For some calculation methods of the tolerance rate, please refer to the Column Mapping, Conversion and Filtering document.
Strict Mode

The strict_mode attribute is used to set whether the import task runs in strict mode. The format affects the results of column mapping, transformation, and filtering. For a detailed description of strict mode, see the strict mode documentation.
Timeout

The default timeout for Broker Load is 4 hours. from the time the task is submitted. If it does not complete within the timeout period, the task fails.
Limits on data volume and number of tasks

Broker Load is suitable for importing data within 100GB in one import task. Although theoretically there is no upper limit on the amount of data imported in one import task. But committing an import that is too large results in a longer run time, and the cost of retrying after a failure increases.

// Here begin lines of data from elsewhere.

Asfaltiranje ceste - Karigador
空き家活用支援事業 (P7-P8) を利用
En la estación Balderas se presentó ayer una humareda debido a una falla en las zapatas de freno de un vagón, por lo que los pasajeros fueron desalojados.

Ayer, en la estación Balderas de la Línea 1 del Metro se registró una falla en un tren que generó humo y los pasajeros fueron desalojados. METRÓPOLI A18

At the same time, limited by the size of the cluster, we limit the maximum amount of imported data to the number of ComputeNode nodes * 3GB. In order to ensure the rational use of system resources. If there is a large amount of data to be imported, it is recommended to divide it into multiple import tasks.

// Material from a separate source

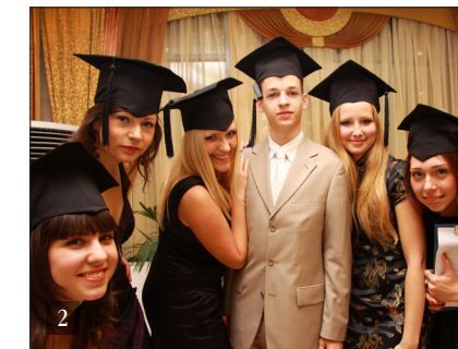
1. СПОРТКЛУБ ЮФУ 2. МАГИСТРЫ

В ЮФУ накоплен значительный опыт подготовки национальных кадров для зарубежных стран. Более 6,3 тыс. иностранных граждан, получивших образование в университете, трудятся в 118 странах дальнего зарубежья. По числу выпускников-иностранцев ЮФУ входит в число ведущих университетов России.

Doris also limits the number of import tasks running simultaneously in the cluster, usually ranging from 3 to 10. Import jobs submitted after that are queued. The maximum queue length is 100. Subsequent submissions will be rejected outright. Note that the queue time is also calculated into the total job time. If it times out, the job is canceled. Therefore, it is recommended to reasonably control the frequency of job submission by monitoring the running status of the job.